8. The diesel engine integrated fluid consumption optimization system based on machine learning according to claim 7, characterized in that, The full-condition data acquisition module and the dual-domain model construction module include: The operating condition boundary delineation unit is used to delineate the steady-state and transient operating condition boundaries of the diesel engine under all operating conditions. The data acquisition and preprocessing unit is used to connect to multiple data acquisition access points, synchronously collect raw running data and preprocess it, and output the model training dataset. The neural network training unit is used to build the basic topology of the neural network, perform working condition grid segmentation, adaptive weight allocation, construction of transient time series correlation sub-models and iterative training of the model, and output the comprehensive liquid consumption prediction machine learning model after full working condition accuracy verification.
9. A diesel engine integrated fluid consumption optimization system based on machine learning according to claim 7, characterized in that, The coupling optimization module and bench verification module include: The constraint weight configuration unit is used to store the preset operating safety boundary of the diesel engine, the original emission nitrogen oxide ratio constraint target, run the urea crystallization risk dynamic constraint model and output the real-time risk coefficient, and generate the transient road spectrum operating condition weight distribution table. The optimization solution unit is used to construct a steady-state-transient dual-domain coupled multi-objective optimization function, solve and filter invalid schemes through a multi-objective optimization algorithm, and generate the optimal scheme set of fuel injection control parameters.
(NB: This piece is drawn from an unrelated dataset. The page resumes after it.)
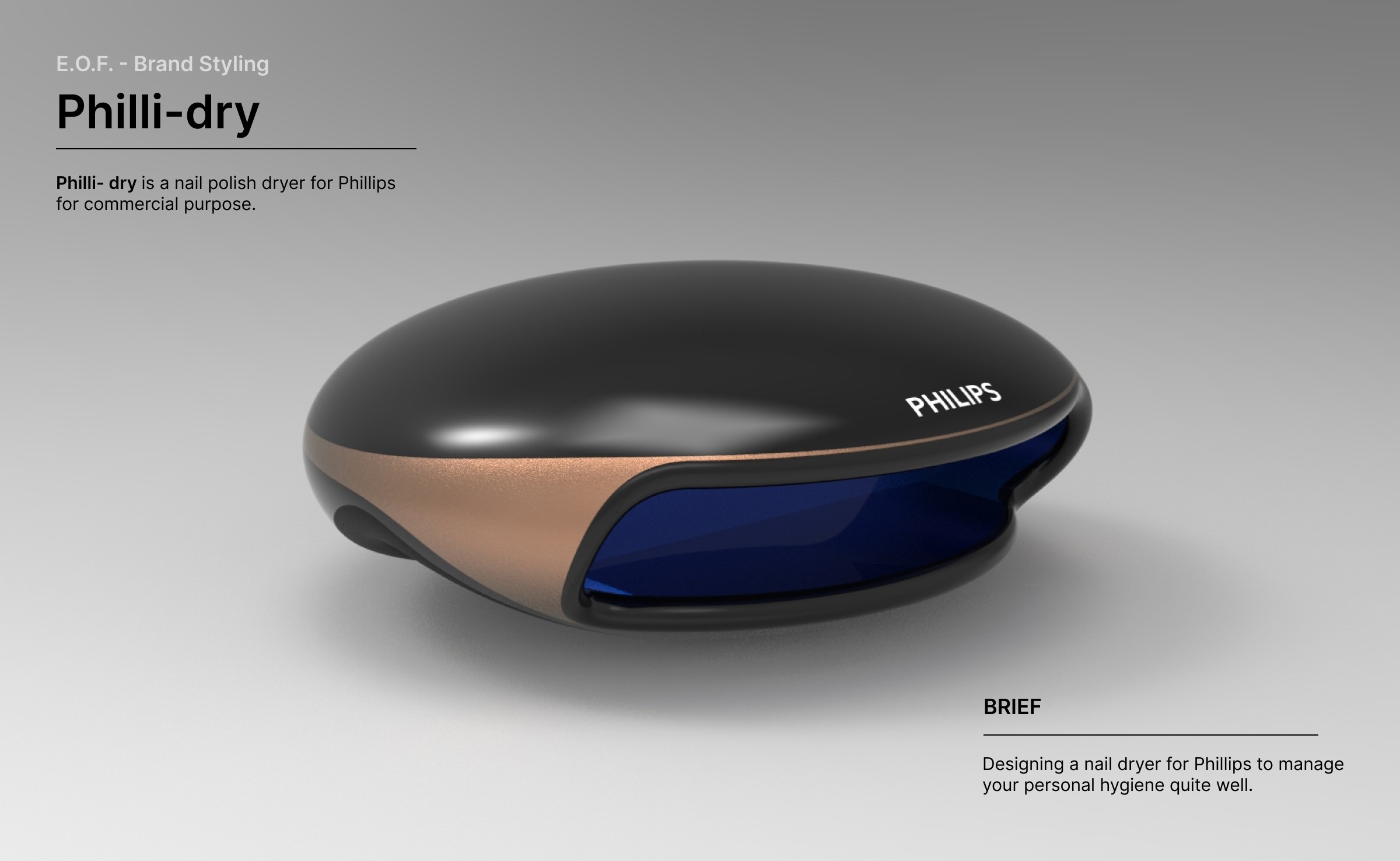 Philli-Dry is a hypothetical nail polish dryer designed to align with Philips’ design language while filling a gap in their product lineup. Through in-depth research and analysis of Philips’ aesthetics, ergonomics, and technology integration, this product was conceptualized to seamlessly blend into their existing portfolio. Designed for commercial use, Philli-Dry features a sleek, user-friendly form, ensuring efficiency, convenience, and an elevated nail care experience.

The bench test execution unit is used to set the operating conditions and procedures for the verification test, write parameters to the diesel engine electronic control unit, and simultaneously collect various data during the test process, as well as parameters related to diesel engine operation safety and after-treatment system operation.
10. A diesel engine integrated fluid consumption optimization system based on machine learning according to claim 7, characterized in that, The optimal solution decision module and the model iteration module include: The experimental data analysis unit is used to quantitatively analyze the impact of the original nitrogen oxide emission ratio on the comprehensive liquid consumption cost and emission indicators of diesel engines under all operating conditions. The evaluation and decision-making unit is used to construct an adaptive multi-dimensional comprehensive evaluation system for road spectrum scenarios, adjust the weights of evaluation indicators and perform quantitative scoring, and determine the optimal original emission nitrogen oxide ratio control range and the optimal solution for target fuel injection control parameters. The execution control unit is used to decompose the optimal solution of the target fuel injection control parameters into execution control commands and send them to the corresponding execution units to realize real-time closed-loop control of the diesel engine operating parameters; The incremental iteration unit is used to collect actual full-condition operating data of the diesel engine to construct an incremental training sample set. With compliance and safety boundaries as hard constraints, and combined with the engine aging and attenuation coefficient, the comprehensive fluid consumption prediction machine learning model is iteratively updated.